Request = Urllib2. Request (URL, data, headers)

Response = Urllib2.urlopen (Request)

page = Response.read ()

In this way, we set up a headers, passed in when the request was built, and, when requested, joined the headers transfer, and the server would be responsive if it identified a request from the browser.

In addition, we have to deal with the "anti-hotlinking" way to deal with the anti-theft chain, the server will identify headers in the referer is not its own, if not, some servers will not respond, so we can also add referer in headers

For example, we can build the following headers

headers = {' user-agent ': ' Mozilla/4.0 (compatible; MSIE 5.5; Windows NT) ',

' Referer ': ' Http://www.zhihu.com/articles '}

With the above method, the headers is passed into the request parameter during the transfer, so that the anti-theft chain can be dealt with.

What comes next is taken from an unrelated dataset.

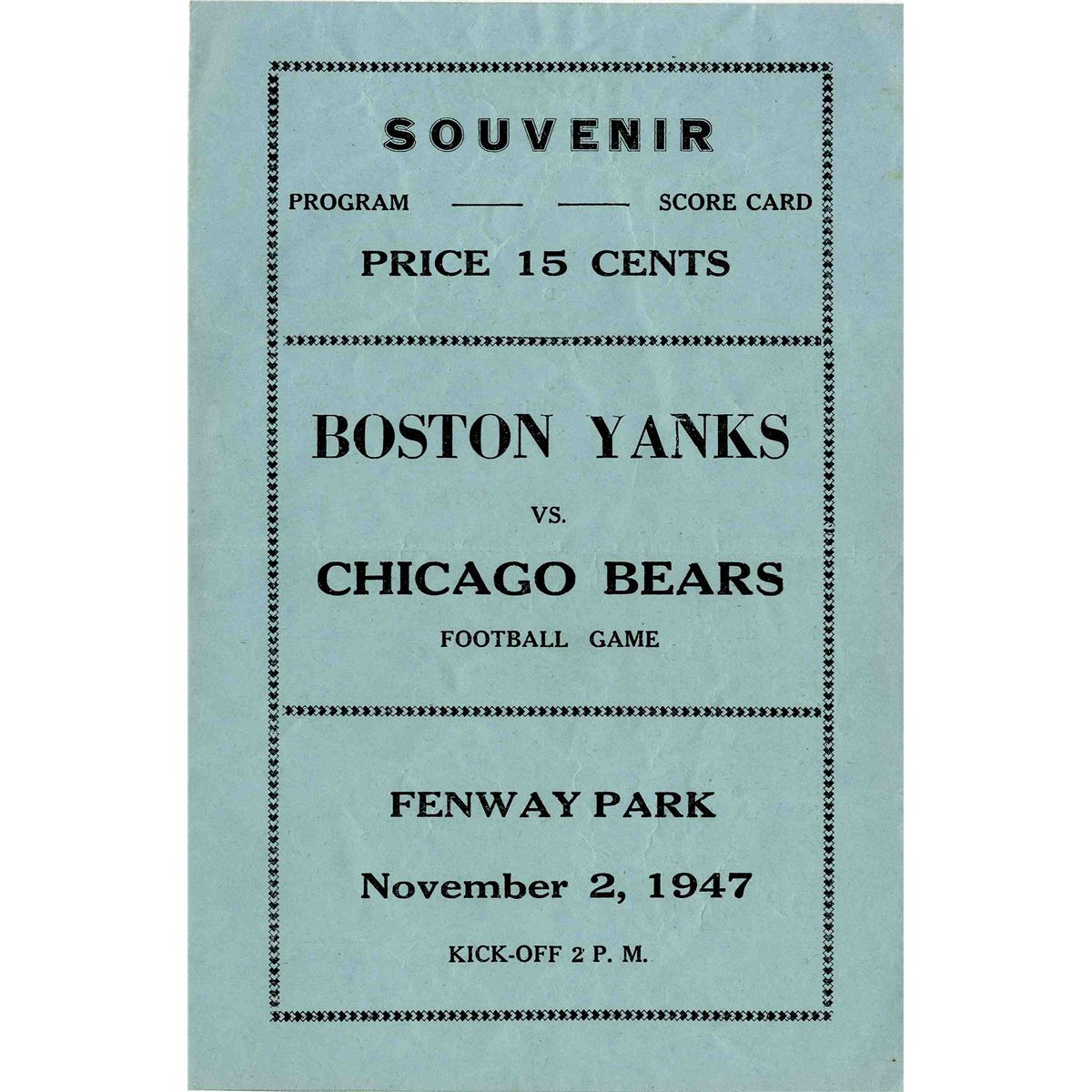 Boston Yanks vs. Chicago Bears Program -- Early Incarnation of Baltimore Colts -- 2 November 1947, Fenway Park -- Near Mint

In addition to some of the properties of headers, the following need special attention:

User-agent: Some servers or proxies will use this value to determine whether a request is made by a browser

Content-type: When using the REST interface, the server checks the value to determine how the content in the HTTP Body should be parsed.

Application/xml: Used in XML RPC, such as Restful/soap call

Application/json: Used in JSON RPC calls

Application/x-www-form-urlencoded: Used when a Web form is submitted by the browser

Content-type setting errors cause server denial of service when using RESTful or SOAP services provided by the server

Others are necessary to review the browser's headers content and write the same data at build time.

2. Proxy (agent) settings

URLLIB2 uses the environment variable HTTP_PROXY to set the HTTP proxy by default. If a website detects the number of times an IP is accessed for a certain period of time, it will prohibit you from accessing it if there are too many accesses. So you can set up some proxy server to help you work, every time for a proxy, website June don't know who is the mischief, this acid cool!

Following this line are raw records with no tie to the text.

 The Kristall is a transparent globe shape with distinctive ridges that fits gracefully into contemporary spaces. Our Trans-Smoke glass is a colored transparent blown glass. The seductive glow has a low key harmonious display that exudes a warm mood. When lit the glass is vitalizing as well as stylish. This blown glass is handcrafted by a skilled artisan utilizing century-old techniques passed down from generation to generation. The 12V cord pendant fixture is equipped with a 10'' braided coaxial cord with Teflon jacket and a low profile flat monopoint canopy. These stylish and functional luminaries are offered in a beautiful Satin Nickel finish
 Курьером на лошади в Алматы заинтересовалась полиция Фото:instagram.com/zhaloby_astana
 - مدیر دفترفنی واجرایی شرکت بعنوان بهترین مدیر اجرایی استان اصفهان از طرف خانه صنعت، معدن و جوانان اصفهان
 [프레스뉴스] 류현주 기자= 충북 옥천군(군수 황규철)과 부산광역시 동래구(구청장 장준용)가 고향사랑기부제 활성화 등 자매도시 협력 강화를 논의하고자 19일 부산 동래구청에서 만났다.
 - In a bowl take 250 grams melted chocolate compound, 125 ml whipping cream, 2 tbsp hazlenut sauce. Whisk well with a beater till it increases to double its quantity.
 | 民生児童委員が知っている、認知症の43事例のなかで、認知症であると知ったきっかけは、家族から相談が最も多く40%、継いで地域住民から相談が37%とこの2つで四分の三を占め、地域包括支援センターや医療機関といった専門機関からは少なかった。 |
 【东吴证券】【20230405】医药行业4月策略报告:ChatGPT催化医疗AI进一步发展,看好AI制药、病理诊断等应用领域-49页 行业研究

The following code illustrates the use of proxy settings

Import Urllib2

Enable_proxy = True

Proxy_handler = Urllib2. Proxyhandler ({"http": ' http://some-proxy.com:8080 '})

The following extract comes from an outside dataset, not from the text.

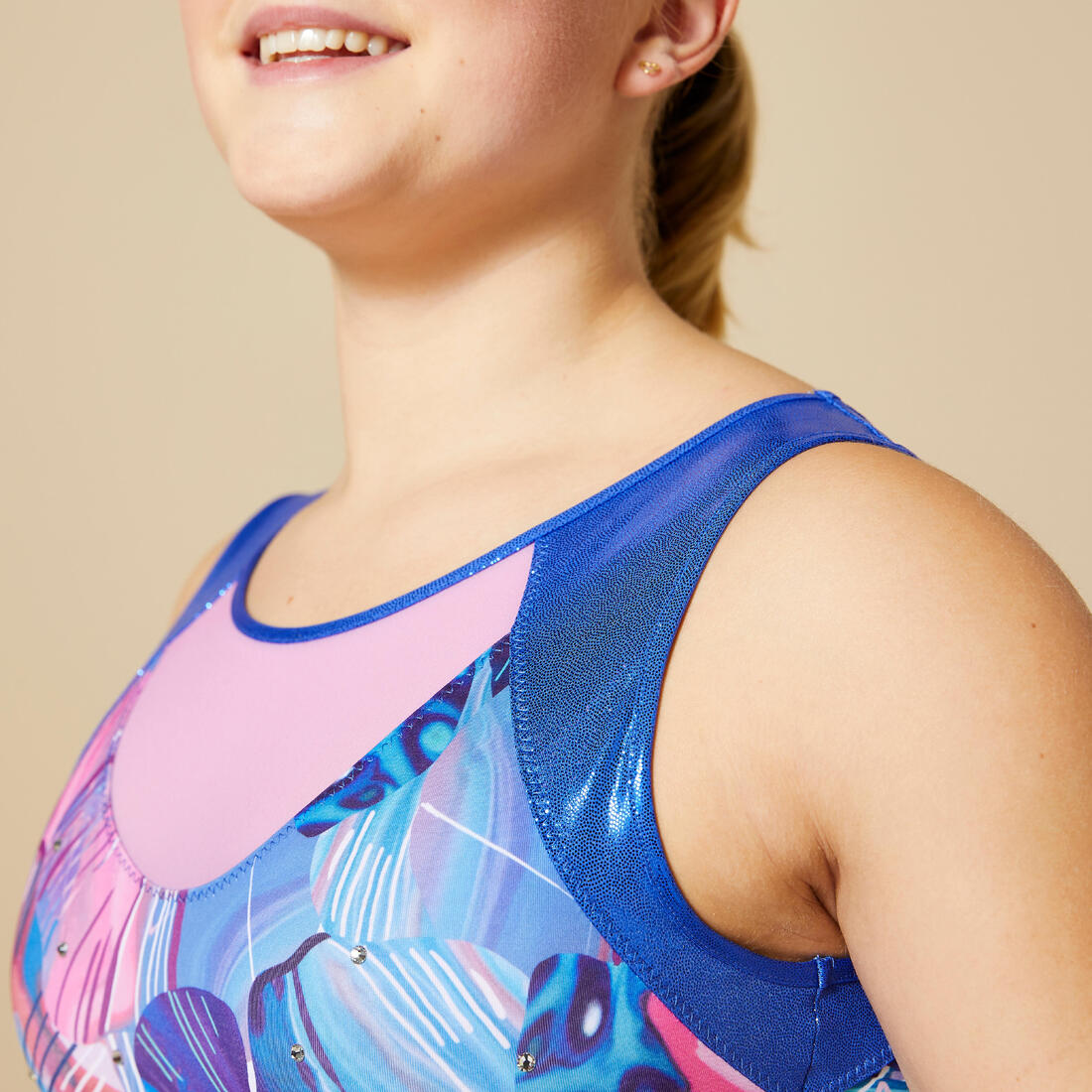 Un justaucorps sans manches, sublimé de strass et de voile, pour la pratique de la gymnastique artistique. Adapté aux gymnastes de tout niveaux, qui recherchent aisance et confort.

Null_proxy_handler = Urllib2. Proxyhandler ({})

If Enable_proxy:

Opener = Urllib2.build_opener (Proxy_handler)

Else

Opener = Urllib2.build_opener (Null_proxy_handler)

Urllib2.install_opener (opener)

3.Timeout settings

The previous section has already said Urlopen method, the third parameter is the timeout setting, you can set how long to wait for the timeout, in order to solve some of the site is too slow to respond to the impact.

For example, the following code, if the second parameter data is empty, then specifically specify how much timeout is, the formal parameter, if the data has been passed, it is not necessary to declare.

Import Urllib2

Response = Urllib2.urlopen (' http://www.baidu.com ', timeout=10)

Import Urllib2

Response = Urllib2.urlopen (' http://www.baidu.com ', data, 10)

4. PUT and DELETE methods using HTTP

HTTP protocol has six kinds of request methods, get,head,put,delete,post,options, we sometimes need to use the Put method or Delete method request.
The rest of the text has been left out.